Let us denote the image and query signatures in Attribute x Position space as X and Y, respectively :

image	X	=	{ ((A₁,P₁),W₁), ... , ((A_M,P_M),W_M) }, and
query	Y	=	{ ((B₁,Q₁),U₁), ... , ((B_N,Q_N),U_N) }.

Here is the signature for the pattern in the above example.

We assume that both signatures are normalized to have total weight 1(=100% of an image).

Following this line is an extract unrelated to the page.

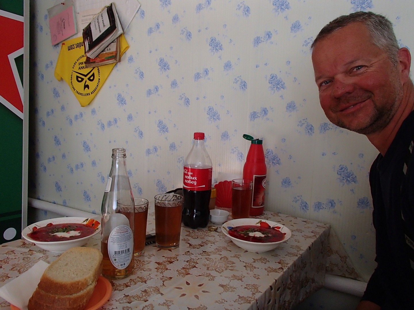 Reinhard hatte noch ein paar Rubel und wir mussten auf das Ereignis erst einmal shoppen gehen, direkt in dem kleinen Grenzdorf 'Tashanta'. Das Angebot war schon mal deutlich größer als noch in der Mongolei :mrgreen:

We shall define a distance between signatures in Attribute x Position space based on a distance between signels in Attribute x Position space. For the color case, the distance in Color x Position space measures the overall distance between two regions with possibly different colors and locations. We use a linear combination of attribute and position distance :

d_ap((A_I,P_I), (B_J,Q_J)) = d_attr(A_I,B_J) + K ||P_I-Q_J||²,

where the constant K trades off the importance of distance in attribute space with the distance in the image plane (and accounts for the possibly different orders of magnitude returned by the individual attribute and position distance functions). In the color case, d_attr(A_I,B_J) is the Euclidean distance between colors A_I and B_J represented in CIE-Lab space coordinates. In the shape case, d_attr(A_I,B_J) is the distance in radians between two angles A_I and B_J.

The distance between the image signature X and the pattern signature Y is given by

D_G(Y,X) = min_{f in F, g in G} sum_J U_J x d_ap((A_f(J),P_f(J)), (B_J,g(Q_J))).

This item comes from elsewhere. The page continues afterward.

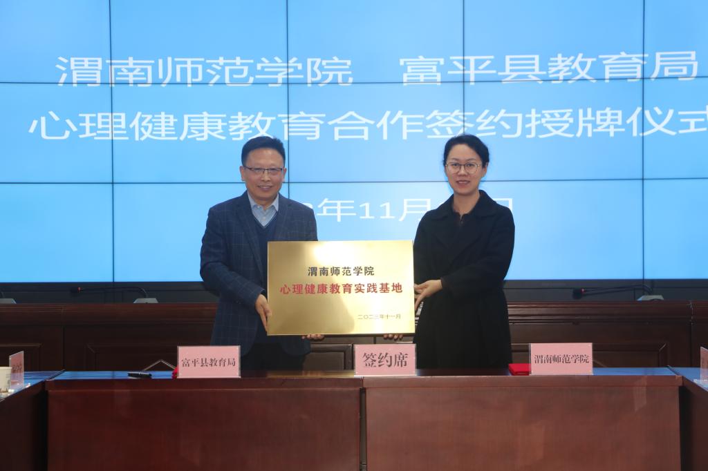 仪式上,best365学生工作部副部长、大学生心理健康教育指导中心主任刘原,富平县未成年人心理健康辅导中心主任田复生代表双方签署《心理健康教育合作协议书》。

Let us explain this formula in terms of the color case. For the moment, ignore the minimization and just consider the summation. Each pattern region J is matched to some image region f(J) (in {1,...,M}). The distance between these regions in Color x Position space is computed and weighted by the area of pattern region J. These weighted region-region distances are summed over all pattern regions. The signature distance D_G(Y,X) allows for a transformation g of the query region positions (taken from some given set of transformations G), and calls for the minimum weighted sum of region-region distances over all possible pairs of correspondences and transformations.

At least a locally optimal transformation can be computed by alternately computing the best set of correspondences for a given transformation, then the best transformation for the previously computed correspondences, then the best set of correspondences for the previously computed transformation, and so on. The summation in the formula for D_G(Y,X) gives a value for every (correspondence set f, transformation g) pair, and thus defines a surface over the space FxG of all such pairs. The alternation strategy gives a way to follow a path downhill along this surface. The job of the scale estimation and initial placement phases is to define the initial transformation g⁰ to be close to the globally optimal transformation g^* so that our iteration converges to this globally optimal transformation or to a transformation which is nearly optimal.

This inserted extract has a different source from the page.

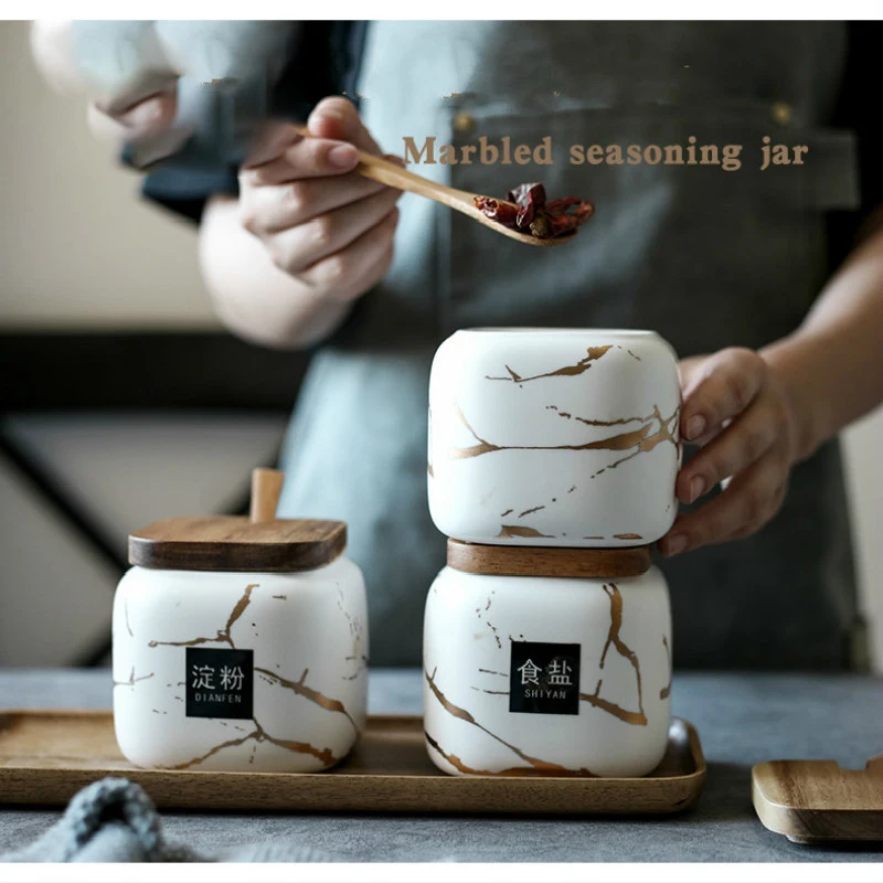 Керамическая емкость для приправ в скандинавском стиле с мраморным ...

The search for the minimum D_G(Y,X) is directed by the colors of the regions since these are unchanged by transformations g in G. The system will not match two regions which are close together unless their colors are similar. As in the initial placement phase, directed should be compared with exhaustive. Here, the search for the optimal transformation does not simply try a discrete sampling of all transformations in some neighborhood of the initial transformation. The verification and refinement stage uses the image data, in particular the colors and layouts of the image regions to adjust/refine its estimate of the pattern scale, orientation, and location.

Results

Some results from the verification phase are shown below. The red rectangle indicates the scale, orientation, and location where SEDL believes that the pattern occurs.

In general, these results are excellent. The localization of the pattern in the breathe right, jello, reynolds, and clorox, and cornpops advertisements is near perfect. The orientation is slightly off in the pert example in the first row, third column. The system makes a mistake in its search for the pert logo within the pert advertisement in the second row, third column. In the tide example in row three, column two, the scale is decreased from the initial overestimate, but the rectangle settles between the two pattern occurrences.

More results from the verification phase are shown below.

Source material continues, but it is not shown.